The species of Corymbium are stemless, perennial, herbaceous plants of 5–60 cm high, that grow in tufts and look like a monocotyledon as long as they are not flowering. The plants have a fibrous rhizome that is covered the persisting bases of old leaves and long, soft, silky hairs. Most parts of the plants may be covered in long soft hairs, or coarse hairs or lack indumentum. All leaves are in a basal rosette and lack a discernable stalk. If the leaves are covered with glandular hairs, they are sticky. The leaf blades may be circular in cross-section, flat or the margins may be curved upward, have a line-shaped to broadly elliptic or lance-shaped outline, with a pointy tip or tapering, the base much narrowed, like a leaf stalk. The leaf margins are entire. The leaves may have prominent or more or less obscured parallel veins, and the leaf surfaces may be hairless, or carry long soft or coarse hairs.

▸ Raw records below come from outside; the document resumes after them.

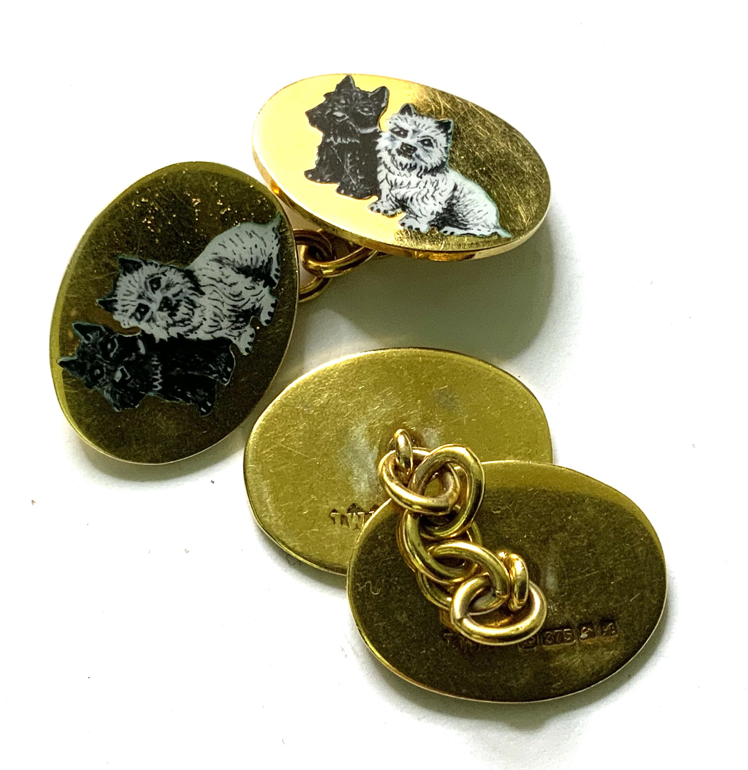 A pair of 9ct gold hallmarked and enamel scottie dog (Black & White Whisky Logo) cufflinks. 12.9g (A)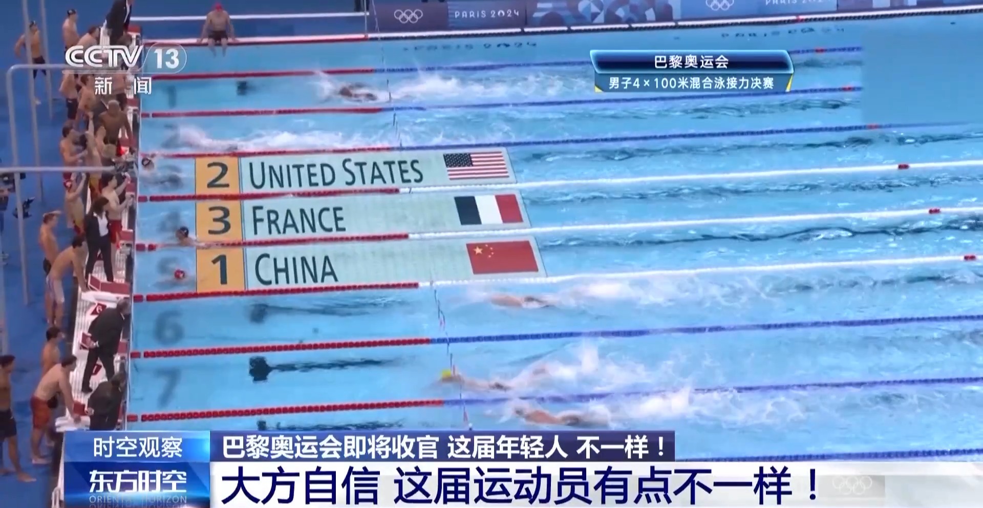 巴黎奧運(yùn)會(huì)游泳賽場(chǎng)最后一個(gè)比賽日,中國(guó)隊(duì)放了個(gè)大招。男子4X100米混合泳接力決賽上,中國(guó)隊(duì)力壓該項(xiàng)目40年“霸主”美國(guó)隊(duì),以3分27秒46的成績(jī)奪冠。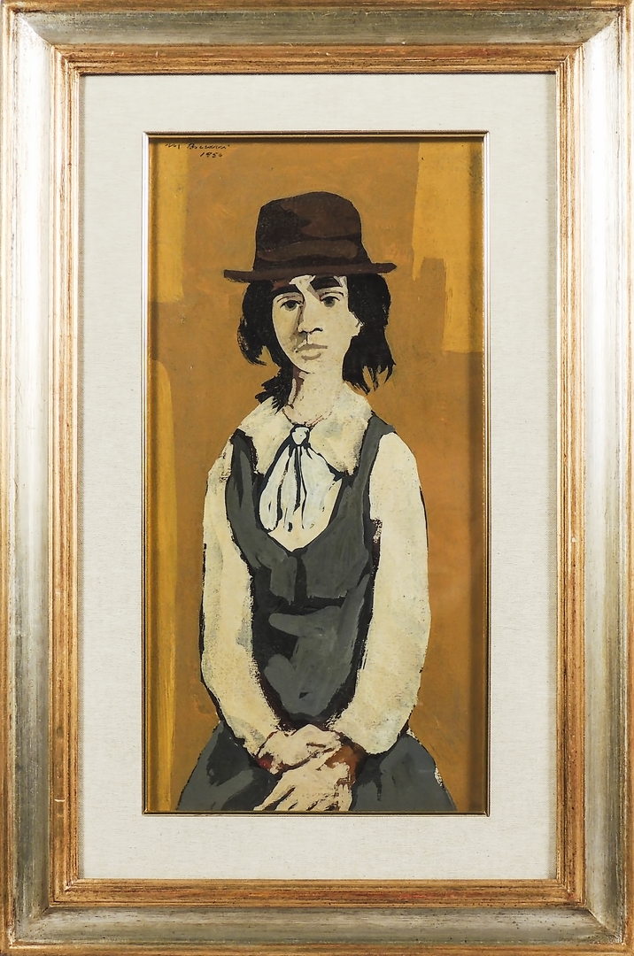 MARCELLO BOCCACCI (1914-1996) Donna seduta - Seated Woman olio su tavoletta - oil on panel firmato e datato 1950, al verso firmato, datato e titolato, in cornice cm 45x22 Al verso reca timbri "Cavour Galleria d'Arte Firenze" e "Galleria d'Arte Giotto Prato"

The texture of the leaves may be cartilaginous, leathery or herbaceous. The flowers are at the end of one or several branching inflorescence stalks, that carry several bracts much smaller than the leaves, at least subtending each of the branches. These inflorescence stalks may be roughly hairy to hairless, and round or angular in cross-section. The compounded inflorescences may be compact or loosely composed racemes, panicles or corymbs. Each head is on a very short or long pedicel, except in C. cymosum, where it is absent.

Remarkably, each flower head contains just one, bisexual, mauve, pink or white disc floret. The florets are enveloped by two whorls of involucral bracts. The outer whorl consists of two or three short bracts at the base. The inner whorl consist of only two, much larger, hairless or coarsely hairy bracts that usually are green in colour with purple tips or entirely tinged purple. The inner bracts form a sheath around the tube of the floret. The outer of these two bracts clasps the inner one, is keeled, split in two or three at the very tip, has three parallel veins along its length. The florets have a 5-merous star-symmetrical trumpet-shaped corolla consisting of a short tube near the base and five longer, spreading, oblong to line-shaped lobes at the top, and all contain both male and female parts. In the center of the corolla are five stamens with free filaments and line-shaped anthers fused into a tube, through which the style grows when the floret opens. The anthers have a shortly arrow-shaped base and no appendages at the top. The style sticks beyond the corolla, is round in cross-section, and splits in two style branches, which are coarsely hairy on outer surface. The dry, indehiscent, one-seeded fruits called cypselae, are line-shaped to elliptic, flattened in cross-section, and covered in long soft or coarse hairs. On the top of the cypselae is a whorl of crown-like or free pappus bristles.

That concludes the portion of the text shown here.